• **ASSIGNMENT**
Exactly as they appear, please output the lines from the one with "A PORCELAIN SCULPTURE" through the end of the material, without pictures.

• **DATA EXCERPT**
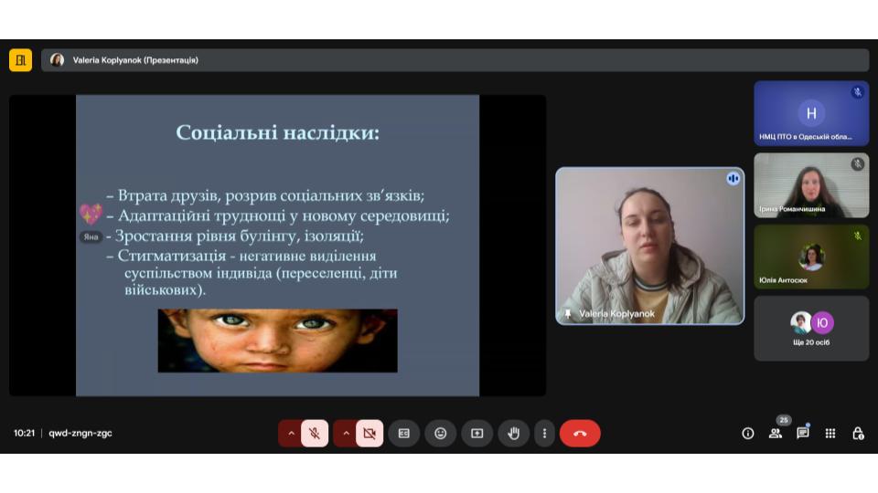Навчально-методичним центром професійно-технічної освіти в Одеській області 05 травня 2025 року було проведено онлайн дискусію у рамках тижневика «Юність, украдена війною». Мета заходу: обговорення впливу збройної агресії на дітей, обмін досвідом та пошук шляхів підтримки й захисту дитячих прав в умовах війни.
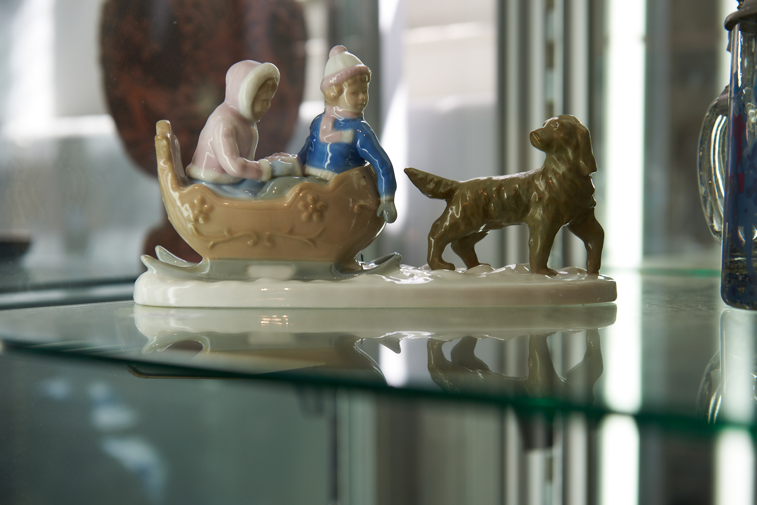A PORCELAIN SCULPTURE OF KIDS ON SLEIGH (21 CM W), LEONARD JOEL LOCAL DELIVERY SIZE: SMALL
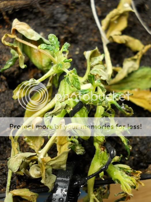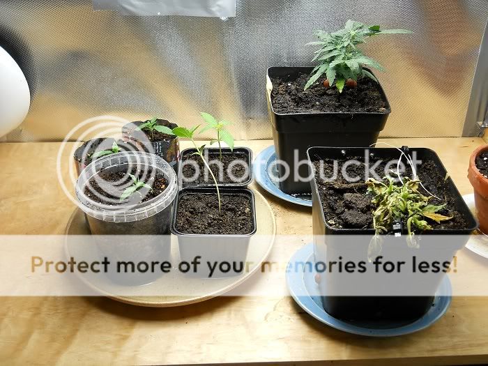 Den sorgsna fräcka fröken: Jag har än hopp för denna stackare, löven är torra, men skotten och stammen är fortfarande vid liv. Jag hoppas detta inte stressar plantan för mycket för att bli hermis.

• **SOLUTION TO THIS EXERCISE**
A PORCELAIN SCULPTURE OF KIDS ON SLEIGH (21 CM W), LEONARD JOEL LOCAL DELIVERY SIZE: SMALL
 Den sorgsna fräcka fröken: Jag har än hopp för denna stackare, löven är torra, men skotten och stammen är fortfarande vid liv. Jag hoppas detta inte stressar plantan för mycket för att bli hermis.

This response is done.